I’ve never read the original Iron Fey series Julie Kagawa is famed for, and as far as I can tell given my tastes, that’s actually for the best. The original books are a YA fantasy romance revolving around Meghan Chase, a human teenager who discovers that she’s the daughter of the Summer King of the Faery. Given that those novels were written a little over a decade ago, it should come as no surprise that there’s an obligatory love triangle between Meghan, her best friend Puck and the son of the Winter Queen. She picks Ash, becomes the Iron Queen etc. etc. There are admittedly a lot of cool narrative twists but most of the critical reviews of the series complain about Meghan and her relationship with Ash. I get the feeling that if I’d read those books, I would never have bothered to pick up The Iron Raven, which would have been a huge disservice to myself as this novel is pretty darn awesome.

It likely helps that Meghan and Ash are supporting characters here and that the focus is on Puck, the fairy formerly known as Robin Goodfellow, as he faces a new threat to the Faery Realm. He’s pretty much just minding his own business attending the Goblin Market when he runs into Kierran — Meghan and Ash’s son — who is now King of the Forgotten. The alluring moon elf Nyx, who turns out to be Kierran’s loyal bodyguard and assassin, accosts them with tidings of strange goings on in the Between realm populated by the Forgotten. Intrigued, Puck accompanies Kierran and Nyx to the forgotten town of Phaed, where an encounter with a fearful monster reawakens malevolent parts of Puck’s personality that he thought he’d long grown away from. Even worse, the monster gets away, slipping from the Between to the Nevernever of the faeries themselves, setting Puck and Nyx on a quest to warn Meghan and find help in destroying the monster for good.

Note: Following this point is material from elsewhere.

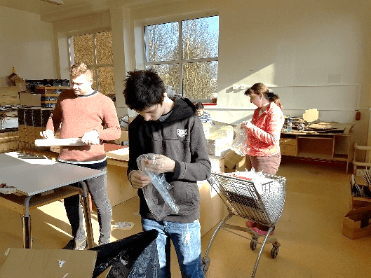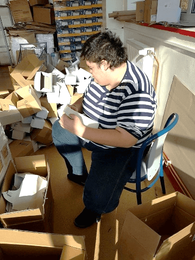 V dílně pracují čtyři lidé se zdravotním handicapem spolu s asistentem, který je pracovními činnostmi provází.
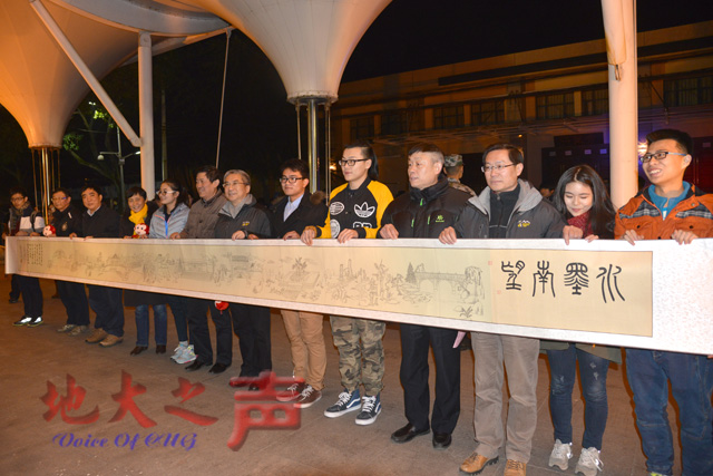 (通讯员方乾 摄影张玉贤)2015年12月31日晚,在学校举行的元旦嘉年华活动现场,米兰书画协会送给学校一份特殊的新年礼物——校园版风景长卷“清明上河图”。

In a lot of ways, this book reminded me of a particularly well-written Changeling roleplaying adventure, with lots of humorous banter, mystic powers and swashbuckling action. Puck is a terrific main character and narrator, with a ridiculously louche yet disarmingly self-aware attitude, who has to confront his own demons in order to win the day. I loved the many references to other established fairy tales (tho I did think it a little weird that the faeries of this realm seemed so ignorant of references to what was clearly a neighboring mythology,) and especially appreciated how Ms Kagawa built her narrative so that I was easily caught up to speed with the who and where of what was going on from past to present. I was also deeply appreciative of how the book wraps up its A-plot before going into the cliffhanger: TIR feels satisfyingly complete on its own, but I still really want to read what happens next.